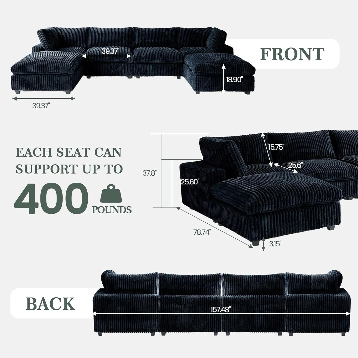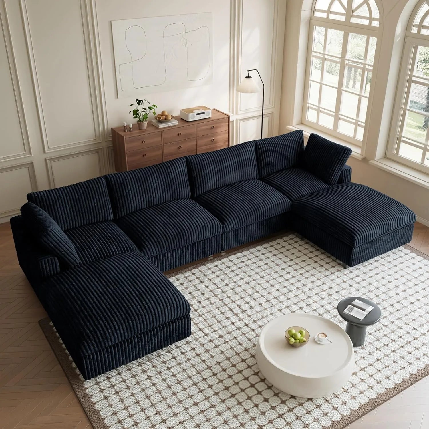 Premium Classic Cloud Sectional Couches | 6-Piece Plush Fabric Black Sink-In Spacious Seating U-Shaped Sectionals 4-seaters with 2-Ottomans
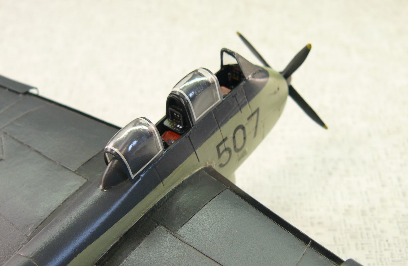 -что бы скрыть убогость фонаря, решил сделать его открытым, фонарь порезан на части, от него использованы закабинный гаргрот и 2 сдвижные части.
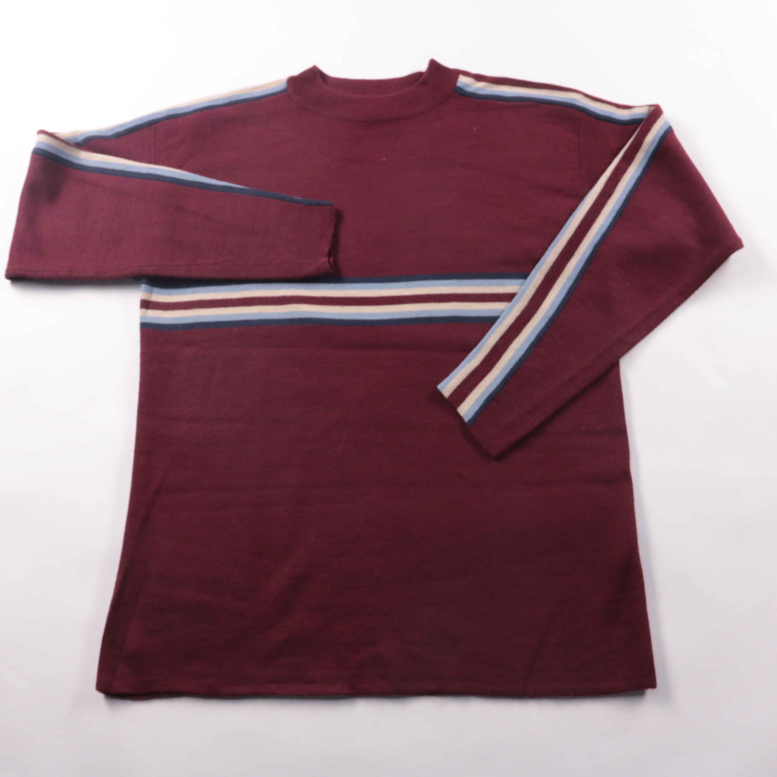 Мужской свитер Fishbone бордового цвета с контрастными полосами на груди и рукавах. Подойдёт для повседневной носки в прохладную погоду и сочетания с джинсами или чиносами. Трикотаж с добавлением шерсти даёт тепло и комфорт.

...

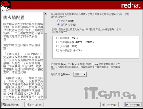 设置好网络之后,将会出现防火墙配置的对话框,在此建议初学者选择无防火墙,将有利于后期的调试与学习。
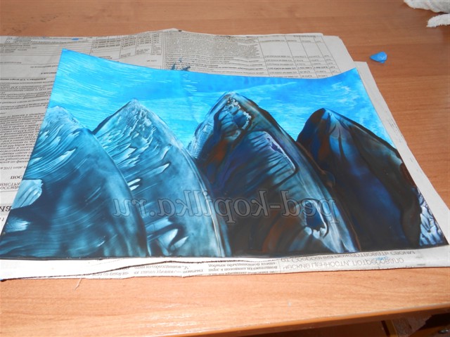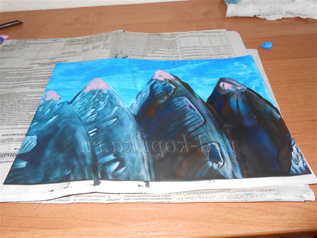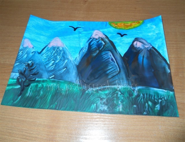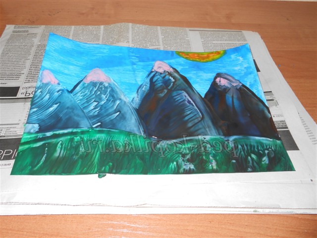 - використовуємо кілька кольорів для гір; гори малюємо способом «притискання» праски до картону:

● **PROBLEM REQUIREMENTS**
What are the lines in the records above, word for word, from the one containing "设置好网络之后,将会出现防火" through the one containing "- використовуємо кілька", both ends included and pictures left out?

● **SOLUTION TO THE PROBLEM**
 设置好网络之后,将会出现防火墙配置的对话框,在此建议初学者选择无防火墙,将有利于后期的调试与学习。
 - використовуємо кілька кольорів для гір; гори малюємо способом «притискання» праски до картону:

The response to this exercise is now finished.